Tu es la première femme à avoir terminé cette course en 1996/1997, quel était le paysage et quel était l’état d’esprit à l’époque chez les navigatrices ?

« Il y avait quand même des femmes en course au large. Florence Arthaud, Anne Liardet, Isabelle Autisser, Sylvie Viant, Christine Guillou, Christine Briand sur la Whitbread, Louise Chambaz en multicoque et j’en oublie. Il y en avait aussi en voile olympique. J’ai disputé la Mini Transat il y a 30 ans et à l’époque, on était 2 femmes sur 70 ou 80 concurrents.

Donc, nous n’étions pas nombreuses, mais nous ne nous posions pas beaucoup la question. On ne se regardait pas comme des femmes navigantes, juste comme des individus ayant envie de réaliser leur rêve. On a peut-être grandi dans des familles où on n’était pas éduquées différemment de nos frères… peut-être. Et puis dans le milieu, il y avait beaucoup de bienveillance pour les femmes qui couraient. Cela dit, entre ma Mini et mon Vendée Globe, j’ai essayé d’embarquer pour la Whitbread et un jour, j’ai compris que je n’embarquerais pas parce que j’étais une femme… ça a été une grosse frustration. Lorsque j’ai suivi la course en tant que journaliste et que je me pointais aux étapes, à mes frais, j’avais toujours mes bottes et mon sac prêt au cas où… mais ça n’a pas marché.
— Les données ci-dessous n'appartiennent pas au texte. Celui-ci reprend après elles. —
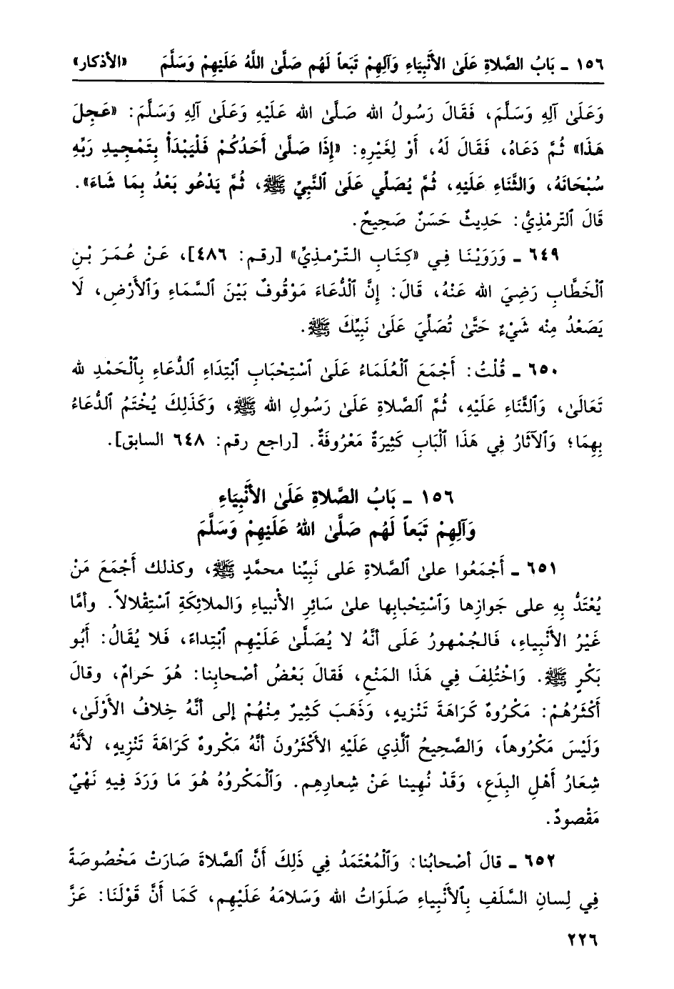 651- أجمعوا على الصلاة على نبيّنا محمّدٌ صلى الله عليه وسلم، وكذلك أجمع من يُعتّد به على جوازها واستحبابها على سائر الأنبياء والملائكة استقلالاً. وأما غيرُ الأنبياء، فالجمهور على أنه لا يُصلّى عليهم ابتداء، فلا يقالُ: أبو بكر صلى الله عليه وسلم. واختُلف في هذا المنع، فقال بعض أصحابنا: هو حرامٌ، وقال أكثرهم: مكروهٌ كراهةَ تنزيهٍ، وذهب كثيرٌ منهم إلى أنهُ خلافُ الأوْلَى، وليس مكروهاً، والصحيحُ الذي عليه الأكثرون أنه مكروهٌ كراهةَ تنزيه؛ لأنه شعارُ أهل البدع، وقد نُهينا عن شعارهم. والمكروهُ هو ما ورد فيه نهيٌ مقصود.

De toute évidence, il fallait que j’en fasse plus pour pouvoir embarquer. Je ne suis pas du sérail, je suis née à Lyon, j’ai grandi en région parisienne. Je ne suis pas issue d’une famille qui navigue.
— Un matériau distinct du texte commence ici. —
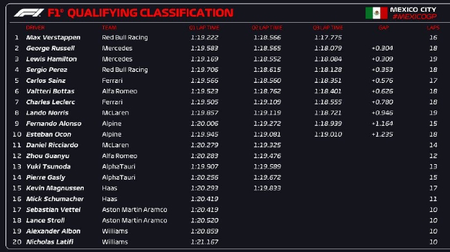 24直播网讯 2022年F1墨西哥大奖赛排位赛结束。红牛车队维斯塔潘凭借Q3完美的发挥,取得杆位!墨西哥大奖赛再次见证新的杆位得主诞生!梅赛德斯车队拉塞尔第二,汉密尔顿第三。主场作战的佩雷兹第四。红牛和梅赛德斯车队包揽前四!

Je me suis donc retrouvée à monter mes propres projets pour créer les conditions pour ma propre navigation. Soit, en solitaire ».
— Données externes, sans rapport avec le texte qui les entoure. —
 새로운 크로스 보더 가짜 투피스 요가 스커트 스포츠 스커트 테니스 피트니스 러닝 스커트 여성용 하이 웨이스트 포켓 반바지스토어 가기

Cette année, elles étaient six au départ - un record –. Le tout dans un contexte d’éveil des consciences sur la nécessité d’encourager la pratique féminine. Sur l’Ocean Race (ex Whitbread, ex Volvo Ocean Race), sur SailGP ou en olympisme, on tend vers des quotas ou une imposition de la mixité, qu’est-ce que cela t’inspire ?

« C’est un passage obligé. Il y a 20 ans, je n’aurais pas forcément adhéré à ça. Mais aujourd’hui, ça me paraît aussi nécessaire que d’imposer la parité en politique, dans les conseils d’administration. Si je suis entrée au Conseil économique, social  et environnemental au ministère de l’Environnement (2010-2017), c’est aussi grâce à cela. La parité, tout le monde l’a constaté, cela apporte un autre souffle. Y compris au sein d’un équipage ! »

Dans la communauté course au large, l’éveil des consciences se fait également de plus en plus fort et les initiatives plus nombreuses en ce qui concerne l’environnement et la préservation des océans…

« Il y a l’envie personnelle des skippers et le besoin de vendre cette dimension environnementale à des partenaires. Mais les marins, par définition, sont individualistes, et pour moi, il faut d’abord s’attaquer au cahier des charges des classes et des courses. On peut être créatif dans la contrainte. La course au large, c’est terriblement innovant. On a la chance d’avoir des partenaires qui financent cette innovation. Il y a tout un champ pour réfléchir et trouver des solutions pour réduire l’impact des bateaux neufs.

En ce qui concerne la classe IMOCA, par exemple, je trouve qu’il y a un gros sujet autour des vieux bateaux comme Le Pingouin. Pourquoi ne pas créer une classe pour les vieux bateaux ? Il faut donner la possibilité aux jeunes de partir avec des bateaux simples et des budgets raisonnables. Il faut créer le cadre pour continuer à faire naviguer ces bateaux-là ».

Dans quatre ans, seras-tu toujours une fidèle et inconditionnelle de la cartographie du Vendée Globe ?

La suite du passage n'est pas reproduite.